Sherezad Shah

Personal information
- Born: 1 August 1983 (age 42) Harare, Zimbabwe
- Source: ESPNcricinfo, 8 December 2016

= Sherezad Shah =

Zimbabwean cricketer (born 1983)

Sherezad Shah (born 1 August 1983) is a Zimbabwean cricketer. He played three first-class matches between 2001 and 2002.

==Biography==
Sherezad Shah was born in a cricketing family. He is the nephew of former Test all-rounder Ali Shah, who remains his mentor.

Sherezad embarked on his cricket journey around the age of four, under Ali's guidance. Despite a brief interruption due to his family's relocation to South Africa in 1991, his structured cricket career flourished in Nelspruit.

Earning a place in his school's first team at the Under-15 level, Sherezad also played for the Lowveld team and the Impala club. In 2000, he returned to Zimbabwe, aspiring for a position in the national Under-19 team. He was selected for the team for the Under-19 Cricket World Cup, although he didn't play any matches. His participation in a quadrangular tournament led to a notable performance against Kenya.

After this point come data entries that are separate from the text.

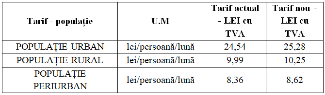 Tarife de facturare aplicabile în Zona 1 – județul Timiș, începând cu 1 ianuarie 2026.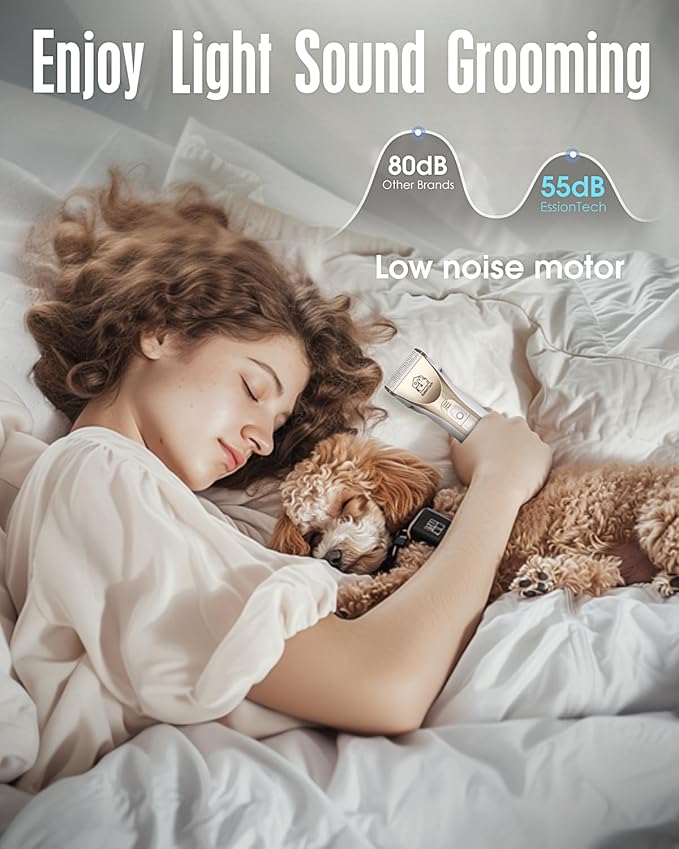 - 【Safe & Effective & Low noise】Essiontech grooming kit for dogs or cats at home is safe and effective.The pet clippers is made of Max-Powerful Motor and Whisper-Quiet Technology.7000 rpm of motors works better for thick coats by reducing the possibility of pulling hair,and which can truly realize rapid shaving.The working noise is lower than 55db. Low noise won't make your fur baby scared and you’ll be able to trim its coat with ease and much faster!In addition, upgrade stainless steel fixed blade and ceramic moving blade can provide excellent cutting performance. The blade sharp enough for a long time using. Detachable blades,easy to change and clean.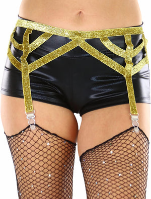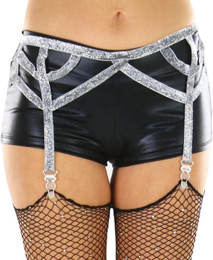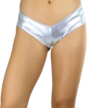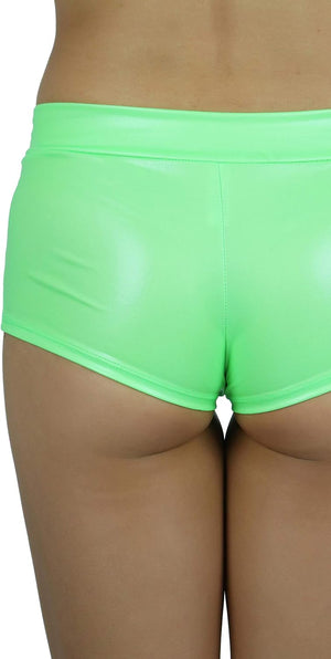ToBeInStyle Women's Liquid Shiny Metallic Mini Booty Cheeky Shorts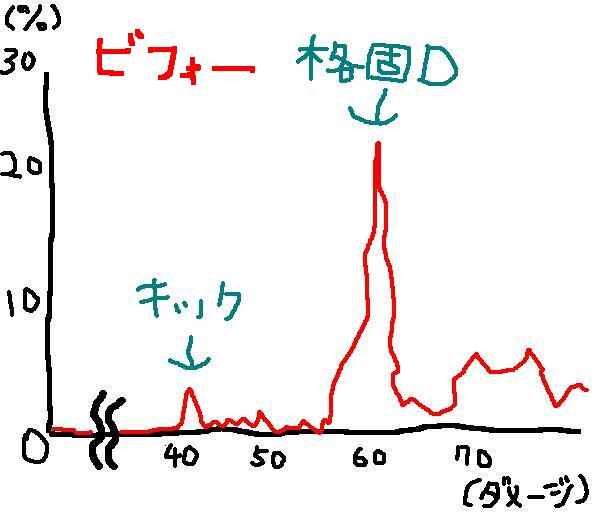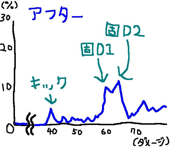 これを念頭に、メリポにおけるモンクの鉄拳によるダメージ分布を図にすると以下のようになる。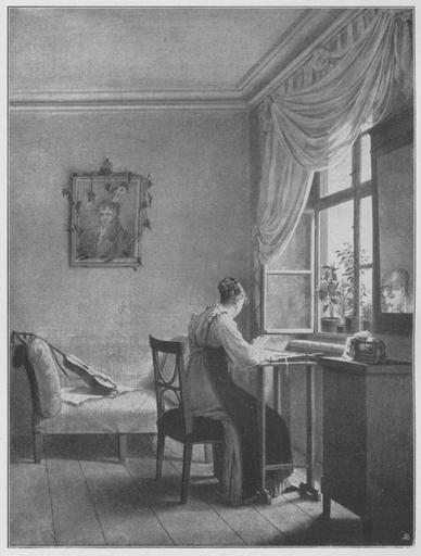 Keywords: Jahrhundertausstellung 1906 KatNr. 0825.jpg Artwork Creator Georg Friedrich Kersting Stube mit Stickerin Die Dargestellte nach A Aubert die mit Goethe befreundete Weimarer Malerin Luise Seidler die 1812 in der Wohnung G von Kügelgens wohnte Offenbar dasselbe Zimmer wie das in Nr 824 dargestellte Oil Canvas cm 46 5 36 5 Großherzogl Schloß Weimar lt Quelle self scanned from own book Vorstand der Deutschen Jahrhundertausstellung Herausgeber žKatalog zur Ausstellung deutscher Kunst aus der Zeit von 1775 “1875 in der Königlichen Nationalgalerie Berlin Verlag F Bruckmann AG München 1906 2 Bände PD-old-70-1923 Other versions Die Stickerin Jahrhundertausstellung deutscher Kunst 1906 ImageNote 1 21 18 1305 1724 1346 1774 2 Gelbbrauner mit Grau versetzter Fußboden der nach Grau erhellt im Sofa wiederkommt Stärkeres Braun in dem Holz der Möbel im Schatten rotbraun In der Wand nach Türkis zielendes Grün Gelber Rahmen mit grauem Bild Grauer Plafond mit zerstreuten schwachgelben Flecken Dasselbe Grau in den Vorhängen und im Fenster an den Lichtstellen fast weiß Das Kleid besteht aus einem bläulichgrauen Rock und grauweißer Bluse Die Schürze durchsichtiges Schwarz “ Die Dargestellte nach A Aubert die mit Goethe befreundete Weimarer Malerin Luise Seidler die 1812 in der Wohnung G von Kügelgens wohnte Offenbar dasselbe Zimmer wie das in Nr 824 dargestellte ImageNoteEnd 1 |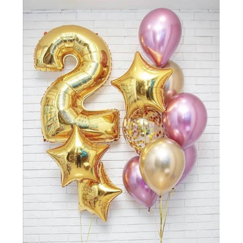 композиция состоит из 2-х фонтанов шаров. Общий состав: 2 шт. фольгированных звезды розовое золото, 6 шт. хромированных шара розовое золото, 4 шт. хромированных шара серебро, 6 шт. шара с наполнением конфетти, грузики. Все шары мы предварительно обрабатываем специальным составом Highfloat, обеспечивая им длительный срок полета.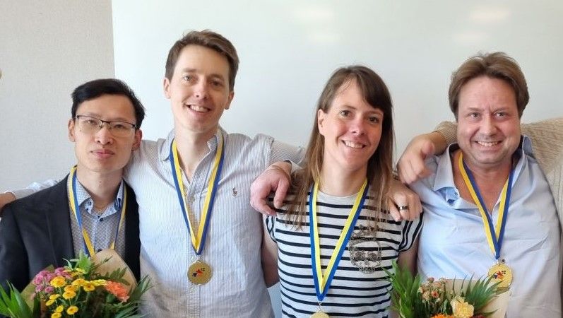 Sjöqvist med fr. vänster Johan Säfsten, Simon Ekenberg, Marion Michielsen och Måns Sjöqvist. Saknas på bild: Per-Erik Malmström och Peter Fredin.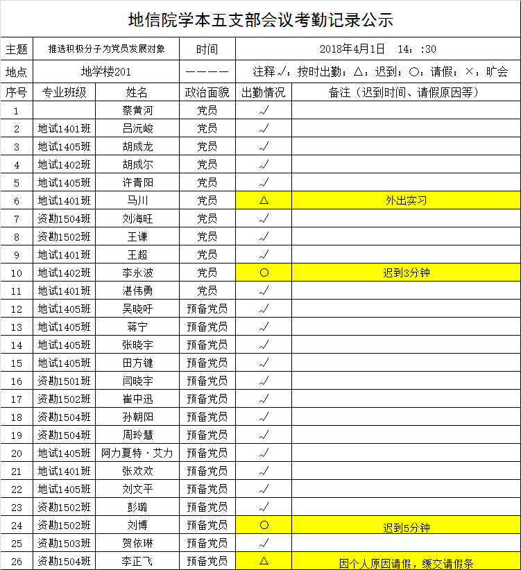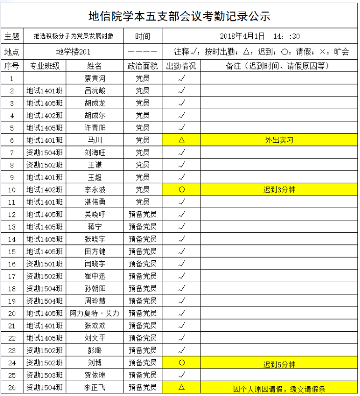 2018年4月1日下午,yl6809永利官网学本五支部召开支部党员大会,讨论发展对象事宜。将出勤情况公示如下,接受党内外群众监督。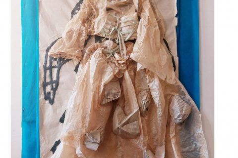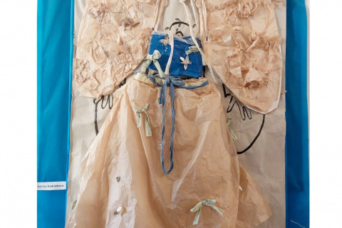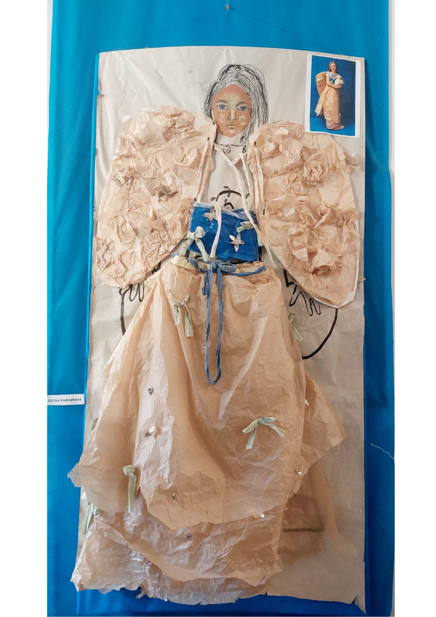 Podle tohoto definitivního návrhu pak vytvářeli kostým z tenkého balícího i kartonového papíru, s použitím drátů, igelitu, látky, dřevěných korálků, alobalu, lepících pásků a tavné postole.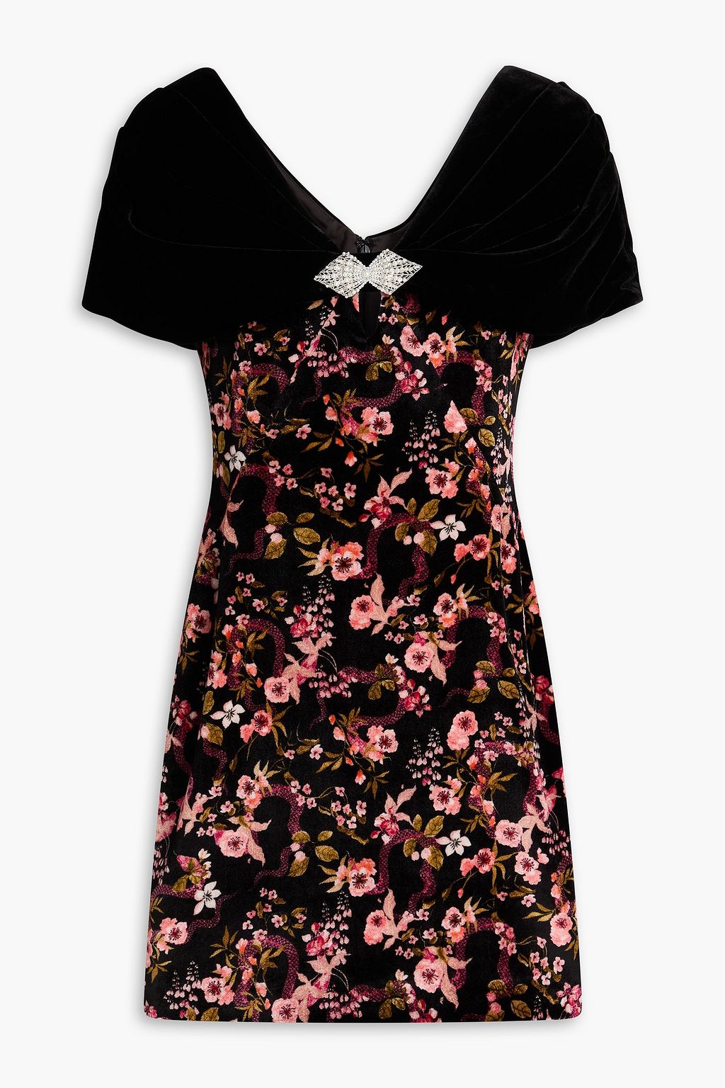 SALONI فستان قصير من المخمل بتصميم مزركش مزين بفتحات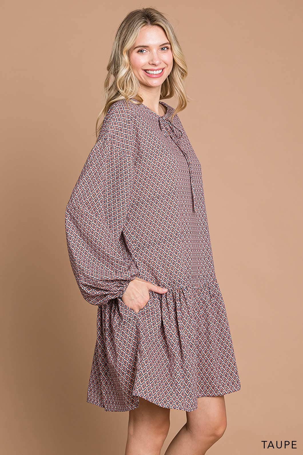Women’s Boho Tile Printed Babydoll Dress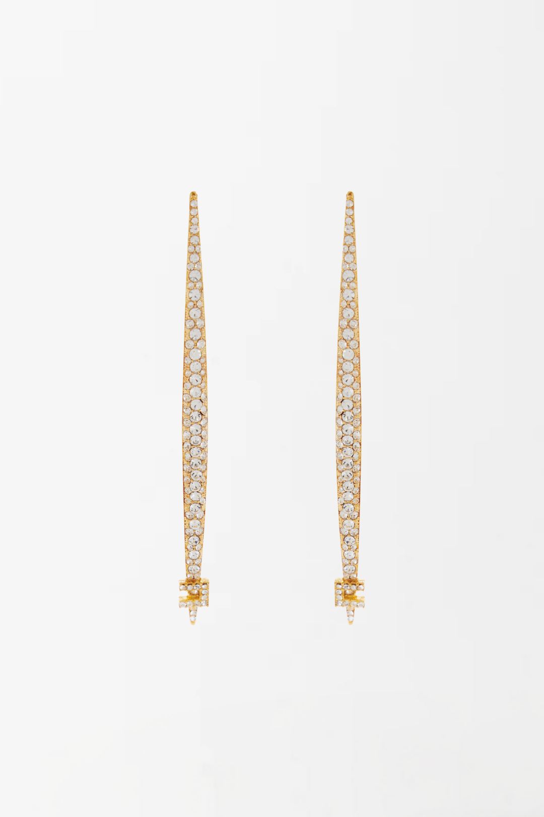 Un accessorio di pura luce, pensato per chi ama un’eleganza sottile ma scenografica: questi orecchini Elisabetta Franchi si distinguono per la loro silhouette affusolata e l’intera superficie ricoperta di strass, che catturano la luce a ogni movimento. Lunghi e sottili, slanciano il collo e donano verticalità al volto, rendendoli perfetti per completare outfit da sera o per aggiungere un tocco sofisticato anche a un look più sobrio. L’effetto che creano è quello di una cascata brillante, discreta ma indimenticabile. Il dettaglio iconico del logo alla base del pendente sigla l’identità del brand in modo raffinato, come una firma luminosa. Indossali con un abito monospalla o con un completo sartoriale: sapranno valorizzare ogni scelta stilistica con classe e personalità, diventando il fulcro visivo del look senza sovrastarlo.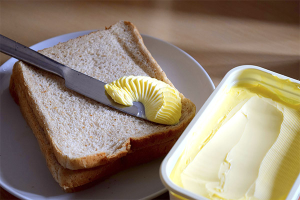 Margarine is an alternative to butter. As already mentioned, for the manufacture of butter, animal fats are used, while margarine is characterized by the presence of vegetable fats, which become liquid at room temperature. In order for the vegetable oils in margarine to become thick, they are processed and hydrogenated. Although margarine has less saturated fat compared to butter, it is hydrogenated with trans fats. Trans-fats are chemically created substances that have similar properties to saturated fats. This makes margarine dense and lasts longer. However, such substances contribute to the reduction of good cholesterol, which leads to the risk of cardiovascular diseases.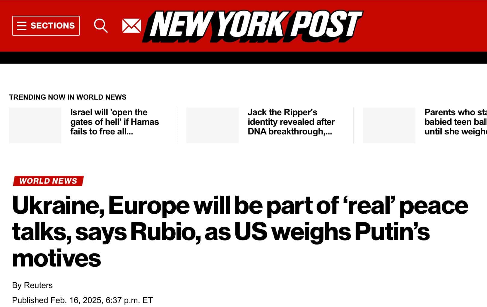 Ngoại trưởng Hoa Kỳ Marco Rubio hôm Chủ Nhật cho biết Ukraine và châu Âu sẽ là một phần của bất kỳ "cuộc đàm phán thực sự" nào, cho việc thoả thuận ngưng bắn thực sự giữa Ukraine và Nga. Câu tuyên bố này như muốn ám chỉ rằng các cuộc đàm phán của Hoa Kỳ với Nga trong tuần này chỉ là cơ hội để Mỹ xem thử Tổng thống Nga Vladimir Putin nghiêm túc như thế nào về vấn đề các phương pháp ḥa b́nh mà Mỹ đă đưa ra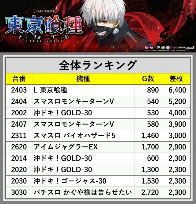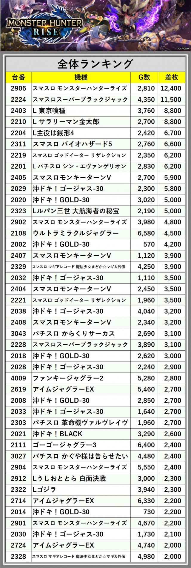 厳選された取材対象機種をはじめ、その他スロット全体から好記録が飛び出した!プレイヤーが楽しんだ1日を下記データにて振り返ってみて欲しい。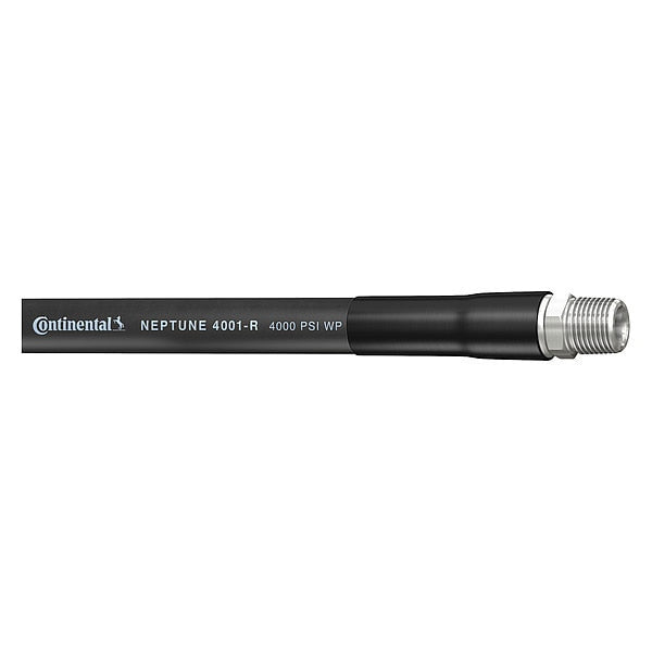 Description Pressure Washer Hose, Hose Inside Dia. 3/8 in, Hose Outside Dia. 0.6875 in, Hose Length 25 ft, Hose Color Black, Hose Tube Material Nitrile, Hose Cover Material Neoprene, Burst Pressure 16,000 psi, Max. Working Pressure @ 70 F 4,000 psi, Temp. Range -20 Degrees to 250 Degrees F, Hose Reinforcement Type Braid, Hose Reinforcement Material Carbon Steel, Safety Factor 4:1, Bend Radius 3 3/4 in, Hose Fitting A Material Carbon Steel, Hose Fitting B Material Carbon Steel, Hose Fitting A Type MNPT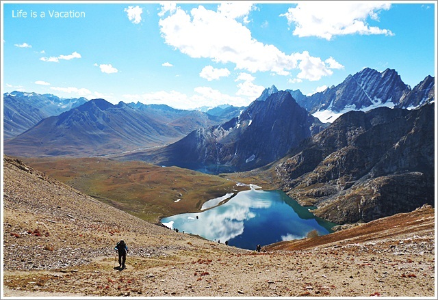 I kept taking a few steps ahead and looking back until the lakes quietly merged into the horizon. Sometimes in life we do the same, holding on to happy times oblivious of the future. Right or Wrong, I dont know !! I had considerably slowed down and had some catching up to do. The wind was blowing hard and clouds went astray but the sunshine on the mountain tops warmed my heart. I walked fast to the chants of “Om Mane Padme Hum” which instantly enabled me to center and focus like always. Between sips of water, a few stops to admire the untouched beauty of nature, we trekked through meadows and occasional rocky patches. We missed the blooming meadows but the occasional red, blue and yellow patch was proof enough of what would be in the month of July and August.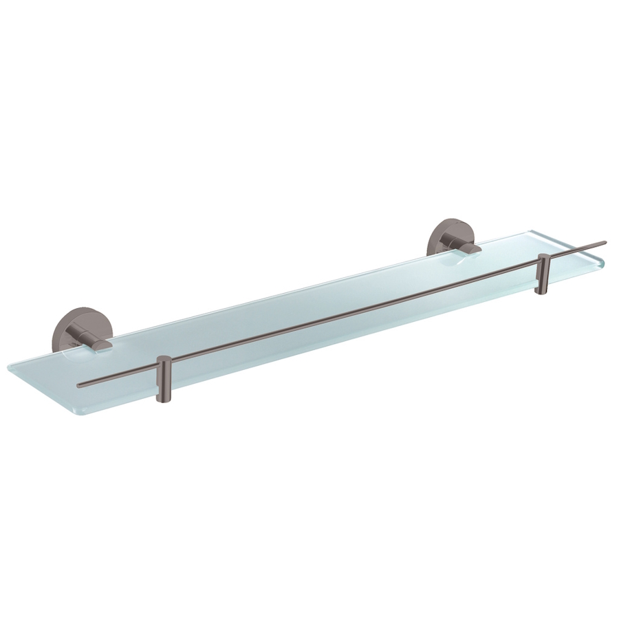 Полочка стеклянная, 600 мм. с ограничителем, ЦВЕТ СЕРЫЙ МЕТАЛЛИК КРАЦОВАННЫЙ, арт. COA0900/60MGK. Стильный предмет интерьера, предназначенный для ванной комнаты. Устанавливается на стену. Материал, применяемый для производства аксессуара - латунь/стекло. Толщина стекла 8 мм. Толщина стекла 8 мм. Практичная и в то же время продуманная вещь, выполненная в стиле модерн. Кроме аксессуаров в коллекции COLORADO присутствуют смесители для раковины, ванны, душа, кухни. Это позволит оформить ванную комнату в едином стиле!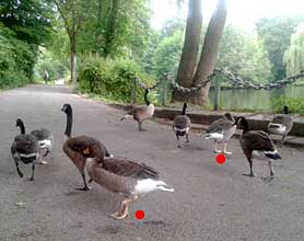 Haubentaucher, Nilgänse und Graugänse mit Jungen. Fotos P.Krüger, 24.04.2017 |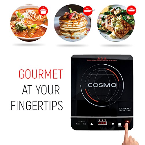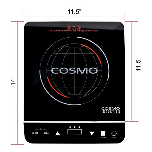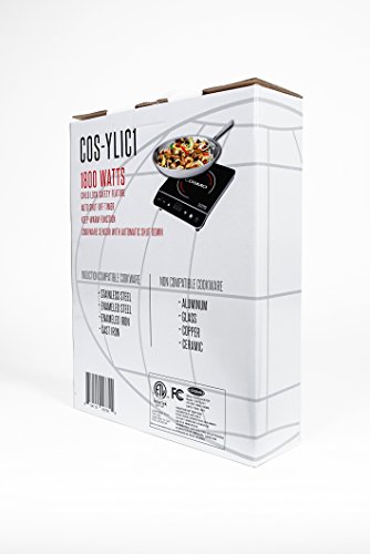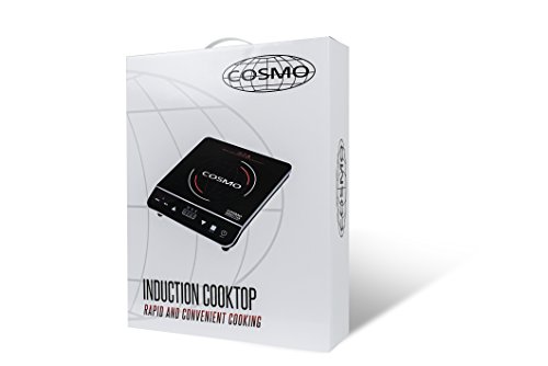 Cosmo’s induction cooktop offers the best portable burner for your kitchen or cooking on the go. Rapid and uniform heating transfers directly to the pan for better cooking results than traditional gas burners. Smooth glass surface wipes clean for easy clean-up. Space saving size stores neatly in drawers and is perfect for dorms, boats, patios and rvs. A child-safety lock and pan detection with auto-shut off keeps safety a priority. Super long 5 foot power cord for added flexibility. Cookware must be induction-ready. Will not work on aluminum, glass, copper, or ceramic. Automatic cookware detection display will read e0 induction burner ignores accidental presses. Please press and hold for at least 1 sec for each button to register.Feature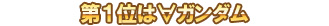 が36ポイントの支持を集めた。「∀」とは数学の全称記号で「すべてを内包する」という意味を持っている。「∀ガンダム」は、背中から蝶のように広がる無数の“ナノマシン”を放出する、ものすごい最終兵器「月光蝶」を装備していた。その“ナノマシン”のあらゆる人工物を砂状に分解する機能により、地球上の文明が「∀ガンダム」たった1機に過去の遺物にされてしまったのである。「月光蝶」の威力……凄すぎる。しかし、終盤まではその最終兵器は使われず、ビームサーベルやビームライフル、ハンマーなどの通常の兵器で戦闘していた。それでもパワー、スピードで他のモビルスーツを圧倒していて、宇宙船を押し返したり、戦艦の浮上を押し戻したりしており、その能力の高さからも人気が高いようである。
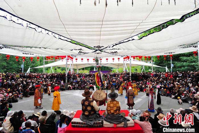 資料圖為藏戲《蘇吉尼瑪》在拉薩市宗角祿康公園上演。 記者 貢嘎來松 攝

Sherezad had short tenures with Prince Edward School and Ali's club, Universals, where he displayed competence in pace bowling and batting. Primarily a bowler, Sherezad also focused on improving his batting skills. With Ali's support, he joined the CFX Academy in 2002, with a lower back injury delaying his Logan Cup debut.

His notable achievements include scoring "60 not out for Prince Edward School on a South African tour, and taking four wickets for 28 runs."